Fair Go: What's the best day of the week to fuel up?

Garth Bray
Source: Fair Go

Friday is one of the busiest days at petrol stations but it could also be the day when it costs you the most to put the fuel in your tank.

"Our year to date data for 2022 for New Zealand indicates an emerging trend that prices tend to be higher on Fridays and lower on Sundays and Mondays," fuel card company Fleetcor told Fair Go.

It publishes daily data on prices paid at stations across New Zealand on its Pricewatch website and responded to Fair Go's request for some high-level analysis.

That contradicts everything fuel companies are telling us - Z, BP, Mobil and Gull.

The four big importers insist that there is no weekly pricing cycle, rather a host of very competitive local markets where people can pick from several different fuel retailers and a host of loyalty schemes and regular discount days..

There are busy days of course. Worldline tracks electronic payments by retail sector.

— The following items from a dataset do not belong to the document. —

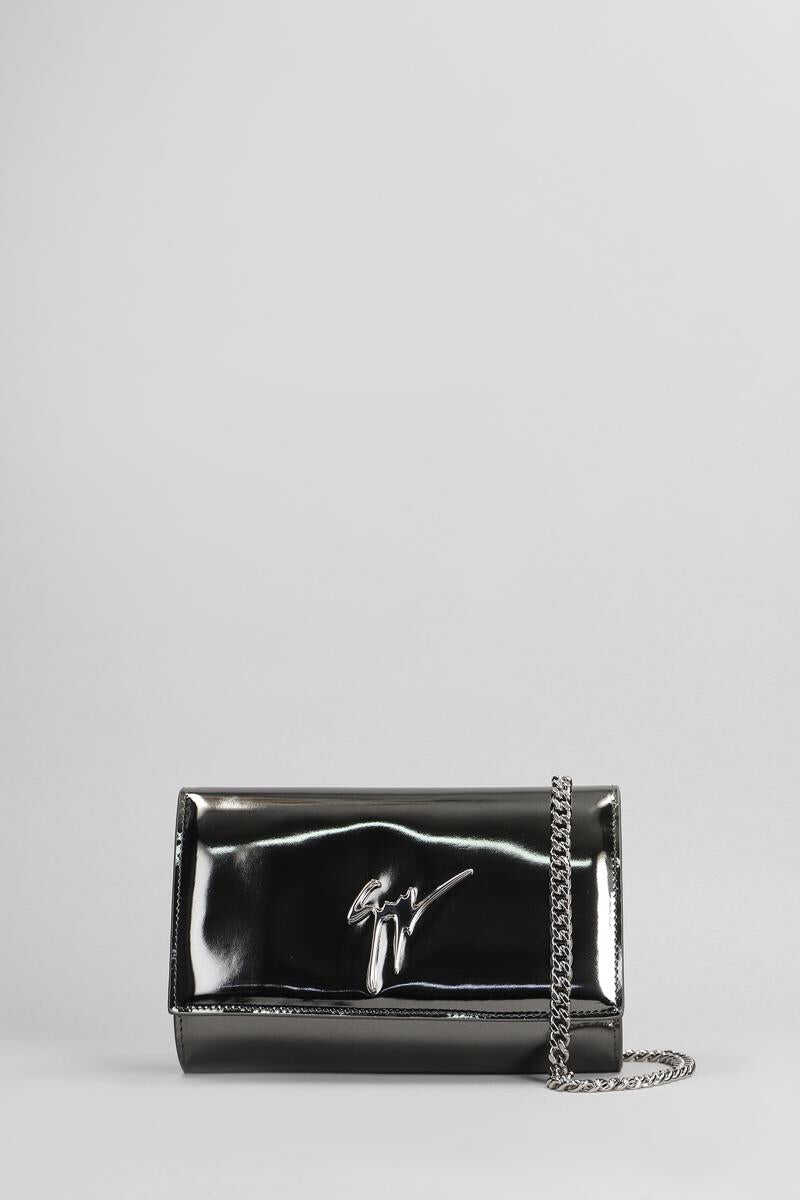Cleopatra Clutch in Gunmetal leather, chain and leather carry, 3d front logo, magnetic closure, internal pocket, silver hardware, 100% leather, Made in Italy, Height 120 mm, Width 185 mm
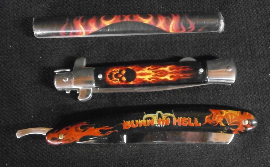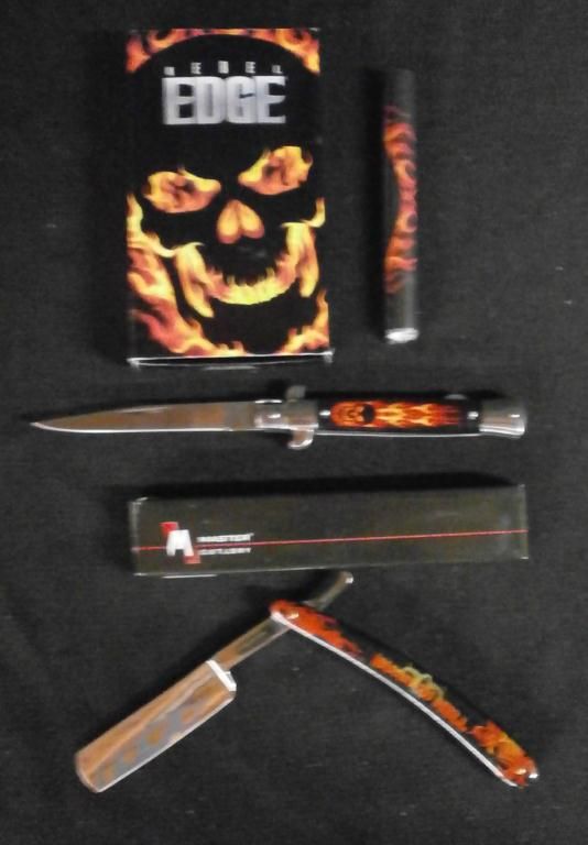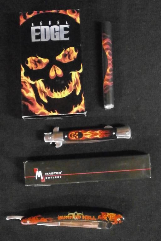W/Stainless Steel Blade W/Painted Black Flames, Black Handle W/Burn In Hell Logo & Flames. Rebel Edge Black Out Skull Stiletto Folding Knife W?Stainless Steel Blade & Handle W/ Artwork & Matching 7" x 5" Poster Of Enlarged Artwork.
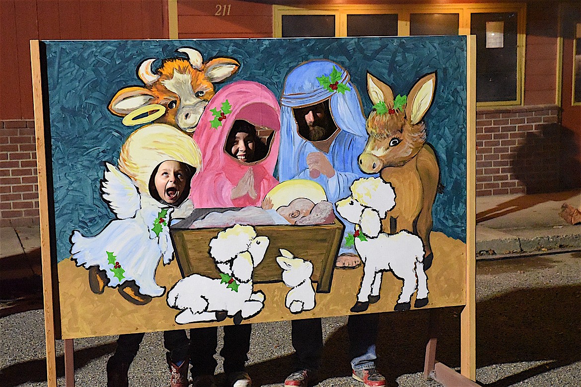 The face-in-the-hole manger scene was popular Saturday, Nov. 29, 2025, at the City of Troy's annual Christmas tree lighting. (Scott Shindledecker/The Western News)
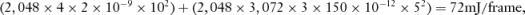 原则上,CCD 是数百万个 MOS 电容器的集合体。这些 MOS 电容器是在 SiO2(-Si3N4)栅极电介质上通过多晶硅栅极制成的。在前面 3K × 2K 像素阵列的例子中,像素间距为 12μm,垂直传输相的电容值为 2 nF/相,而水平传输相的电容值为 150 pF/相(Theuwissen 等人,1998 年)。这些电容需要充电和放电(例如,垂直时钟在 0 V 至 10 V 之间,水平时钟在 0 V 至 5 V 之间),这就增加了总的能源成本。每帧所需的传输相位能量为[使用公式能量(E)=电容(C)×电压(V2)]。

It says Wednesdays, closely followed by Fridays, are the days on which most consumer spending tends to happen at fuel retailers. The figures include everything bought at the service stations but fuel would make up the vast majority of what's spent, especially at current prices.

So if Friday is both busier and maybe more expensive, do we need to avoid a Friday fill? The AA would prefer to see more data before it declares there is a best or worst day, but its chief fuel watcher Terry Collins is keeping tabs.

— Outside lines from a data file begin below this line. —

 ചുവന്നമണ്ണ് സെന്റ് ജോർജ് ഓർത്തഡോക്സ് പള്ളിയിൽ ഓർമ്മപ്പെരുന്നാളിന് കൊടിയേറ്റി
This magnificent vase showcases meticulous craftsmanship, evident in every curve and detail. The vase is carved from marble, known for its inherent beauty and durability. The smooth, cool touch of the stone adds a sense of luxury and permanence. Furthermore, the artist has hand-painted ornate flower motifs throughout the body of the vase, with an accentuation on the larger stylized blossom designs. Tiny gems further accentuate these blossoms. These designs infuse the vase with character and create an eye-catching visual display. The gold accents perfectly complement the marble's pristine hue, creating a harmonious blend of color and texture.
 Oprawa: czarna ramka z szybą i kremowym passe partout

"I know in Australia they often complain about they put the prices up before a holiday, or before the weekends. It seems to be a pattern. I don't know whether that's being developed here or not."

Collins says the market is subject to extreme pressure and volatility now ahead of EU sanctions to ban using Russian oil. That could make oil from anywhere else more expensive. Collins adds that oil company inventories are low worldwide.

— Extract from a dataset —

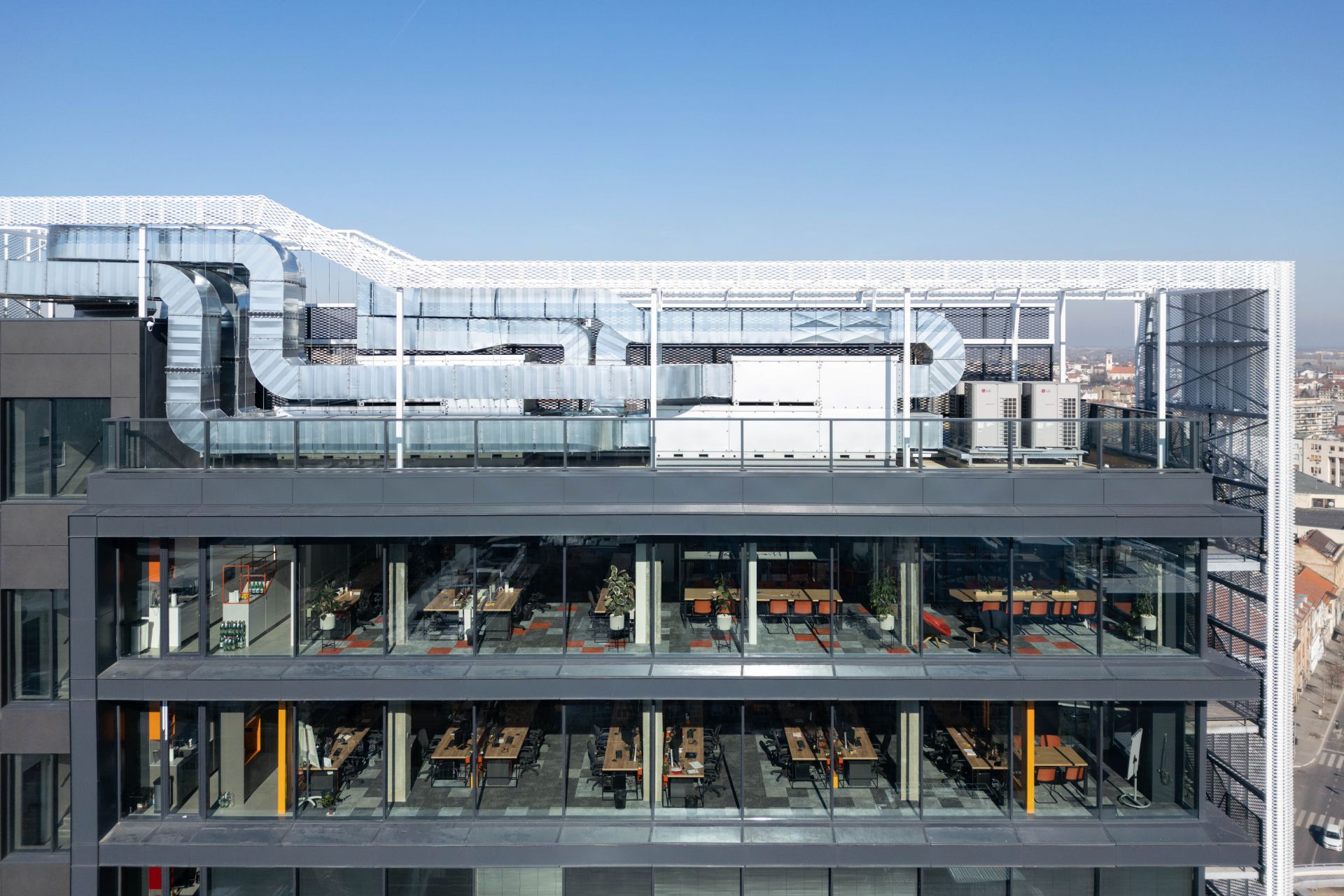„Istočna fasada ima jednu dodatnu karakteristiku: otpornost u požaru. Za ovu svrhu korišćen je sofisticirani Jansenov sistem čeličnih profila i specijalna protivpožarna stakla koja sprečavaju prenos požara između dva objekta“.
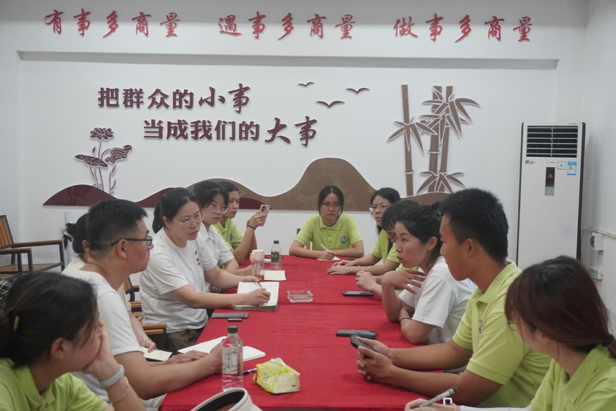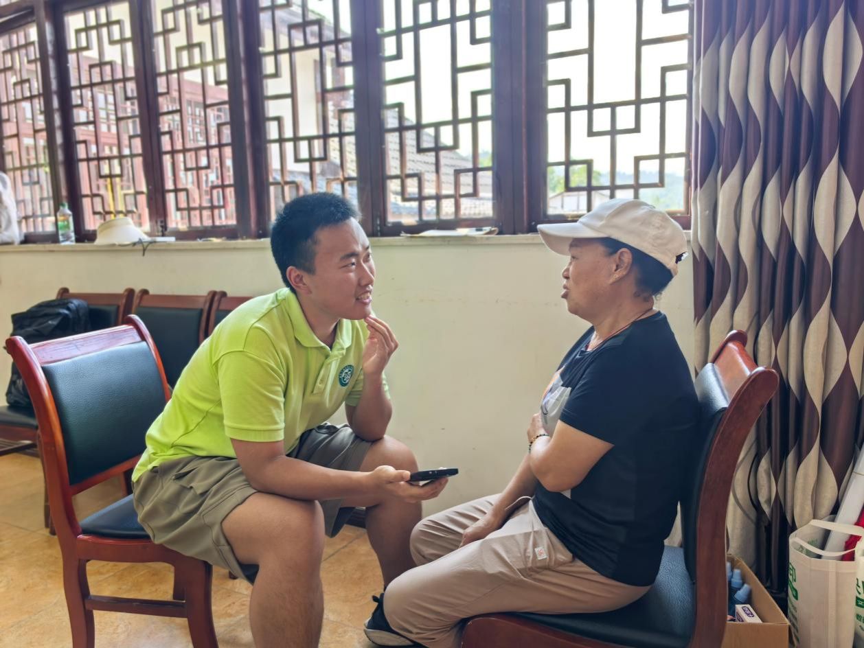 队员们带着问卷和笔记本分组入户,礼貌说明来意,耐心沟通。在村委会、农家小院、田埂边,队员们与村民围绕家庭人口、土地耕种方式、主要收入来源、医保、养老保障、村里基础设施(路、水、电、网)满意度以及对教育、医疗等问题进行问卷调查并进行深入交流。队员们不仅认真记录问卷,更用心倾听村民的心里话,朴实的“吐槽”、生活中的难处、对美好生活的向往,都一一记录下来。每一份问卷都承载着村民的信任和同学的观察。

The whole industry is running on E for enough - just like a motorist who needs to fill up - so it will have to accept higher prices.

"Depending on what day the oil company bought their fuel, whether it was the Monday or the Friday, some of them might have to reflect a 10c difference in price just based on when they purchased their fuel," Collins says.

All of that in turn may push fuel prices even higher which means more inflationary pressure, given how the price of fuel affects almost every bite we eat and everything we buy or sell in our highly carbon-dependent economy.

That could figure in the Budget later this week. On 14 March, Prime Minister Jacinda Ardern announced a 25c a litre cut in the fuel excise duty (plus GST) for three months and that cut is still set to expire next month.

"I would expect if the prices continue to go up that they must seriously look at perhaps keeping some of that excise duty off, otherwise the inflationary pressures will become very significant," says AA's Collins.

Keeping the cut to keep prices from rising would put pressure on the Government's books - the duty collected helps pay for transport investments - and the Government may argue it's already doing more to control our exposure to runaway oil prices by ditching fossil fuels through its Emissions Reduction Plan announced this week.

But those are long-term measures; in the short term every day will still be a very expensive day to fill your tank - just how much and on which day might be worth careful attention.